Dass das Spiel der verantwortlichen Entwickler von REMEDY ENTERTAINMENT aber noch weit mehr zu bieten hat als sich gänzlich frisch anfühlende – und nebenbei bemerkt auch außerordentlich effektvolle – Ballereien, macht die Sache erst richtig interessant. Schließlich kann MAX PAYNE auch mit einer vergleichsweise dichten Atmosphäre und einer ebenso emotionalen wie spannungsgeladenen Storyline glänzen. Der Clou: obwohl die Grundpfeiler jener Story verhältnismäßig simpel ausfallen und schnell erzählt sind, entfaltet das Spiel schnell eine ureigene, den Spieler sofort fesselnde Atmosphäre. Eine Atmosphäre, die letztendlich zum Schneiden dicht ist und sich dabei nicht von ungefähr an einer hier erstmals in einem Computerspiel auftretenden Ästhetik bedient: dem einigen sicher bekannten Genre des Film Noir. Insbesondere die zahlreichen Zwischensequenzen in ihrem dunklen Comic-Stil und der tief-bassigen, markanten Erzählstimme des Hauptprotagonisten stellen sich als wahre inszenatorische Glanzleistung heraus – sodass man als Spieler alles andere als geneigt ist, diese zu überspringen.
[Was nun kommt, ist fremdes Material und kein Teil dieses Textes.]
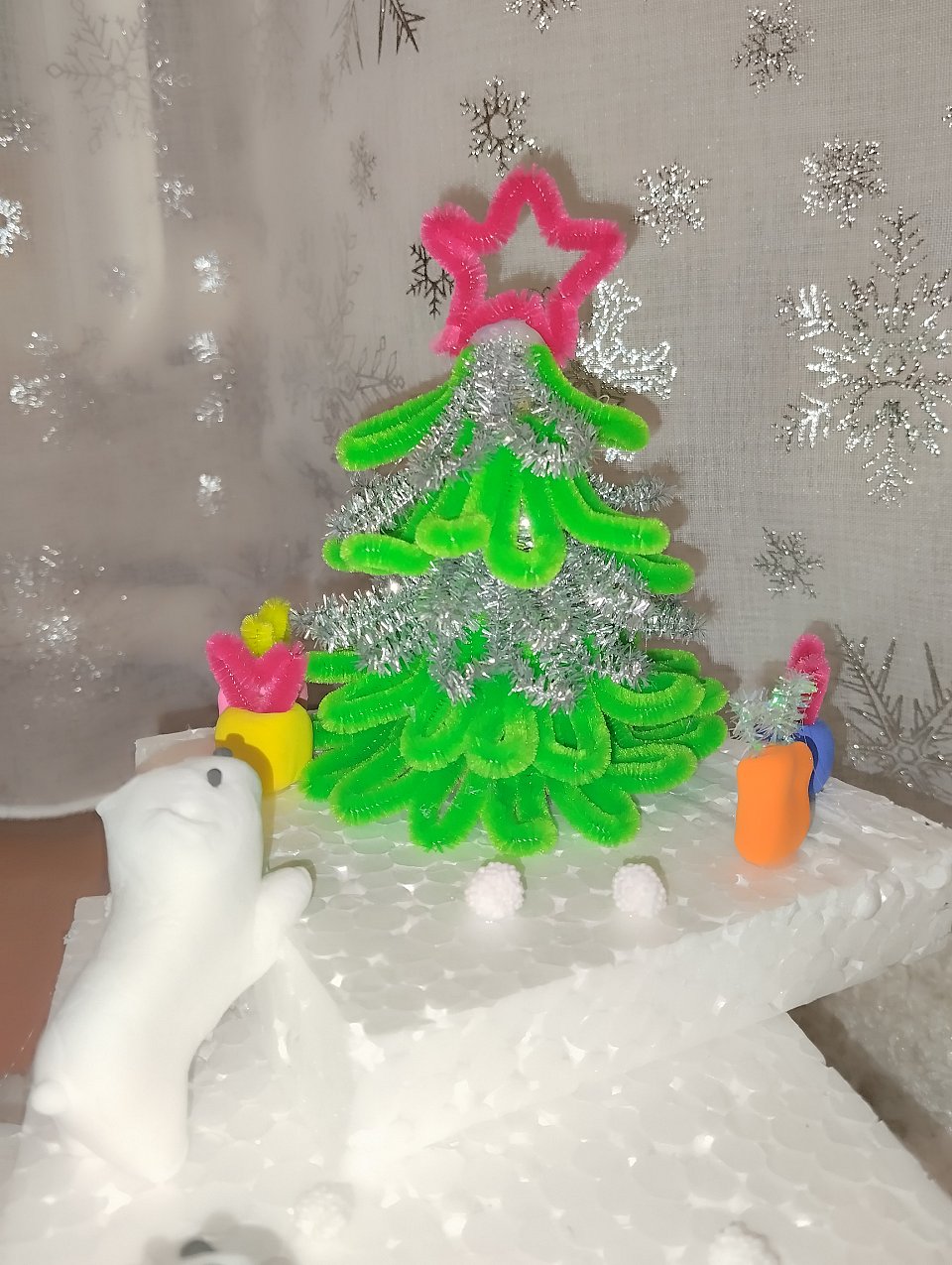Степан, 4 года (совместная работа с сестрой). Техника исполнения смешанная. В работе использована синельная проволока, пластилин и плитки пенопласта.
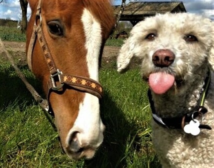 Sie begleitet Frauchen und ihren großen Freund gerne bei Ausritten und auf Wandertouren mit ihrer Familie durch Österreichs Berge.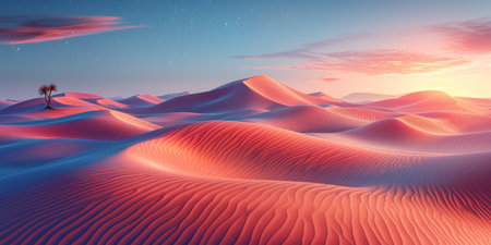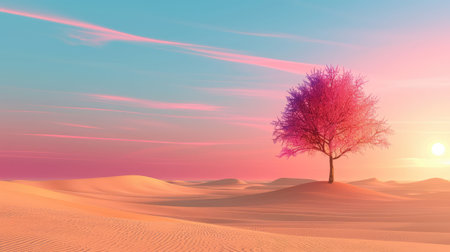 A stunning landscape featuring a solitary pink tree set against rolling sand dunes during a colorful sunset, creating a tranquil and serene atmosphere.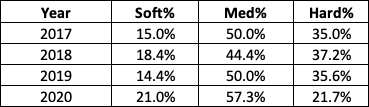 Check out how his soft-, medium-, and hard-hit rate has compared over the years since 2017.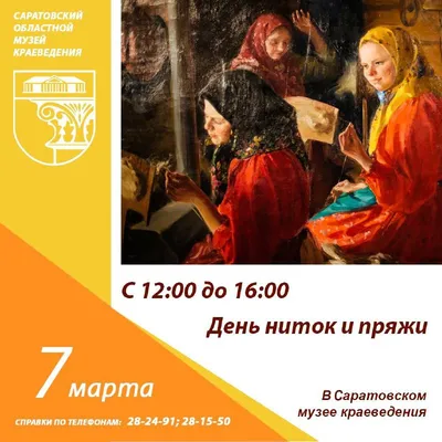 7 марта – День ниток в Саратовском музее краеведения! Изучай программу, записывайся на мероприятия, узнавай и создавай новое! Программа опубликована на сайте музея: http://www.comk.ru/ad/NewsDetail.a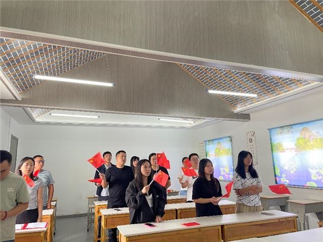 火红的国旗,火红的爱国心;一样的色彩,一样的激情。在最后的“送一份吉祥”环节中,年轻干部们手举五星红旗,合影留念,把最诚挚的祝福送给祖国,也得到了“我与国旗合个影”美丽瞬间的定格。感恩、自豪、骄傲、青年们的心中永远有一抹鲜艳的中国红。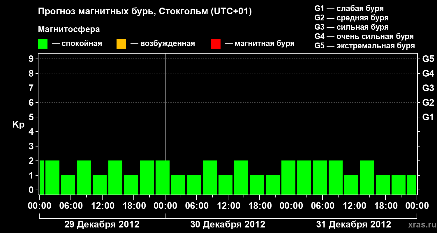 Прогноз магнитных бурь в Стокгольме — 29 декабря 2012 года

Das schöne ist jedoch, das sich die Intensität respektive erzählerische Wucht von MAX PAYNE auch im eigentlichen Spielverlauf niederschlägt – und so jeden einzelnen Level-Abschnitt zu einem kleinen Erlebnis werden lässt. Das beste Beispiel dafür sind bestimmte Objekte, mit denen man in der Spielwelt interagieren kann – kann, aber nicht muss. Stößt Max auf etwas interessantes, werden abermals kurze Zwischensequenzen eingestreut – die weitere Informationen enthüllen oder zur Charakterentwicklung beitragen. Und die ist, wie bereits erwähnt; ohnehin beeindruckend: man kommt kaum umher, sich nicht in die Rolle des tragischen Helden hineinzuversetzen und entsprechend mitzufiebern. Die häppchenweise portionierte Story um eine Familientragödie, Mord, Macht und noch viel mehr; respektive das langsame Vorarbeiten des Spielers hin zu einer immer greifbarer erscheinenden ‚Wahrheit‘ unterstützen diesen Eindruck – man will immer mehr wissen um endlich alle Puzzleteile zu einem sinnigen Ganzen zusammenfügen zu können. Für sich, dass heißt als Spieler – aber auch für MAX PAYNE, dem man wohl nichts sehnlicher wünscht als irgendwann doch noch einmal eine Form des Seelenheils für sich zu finden.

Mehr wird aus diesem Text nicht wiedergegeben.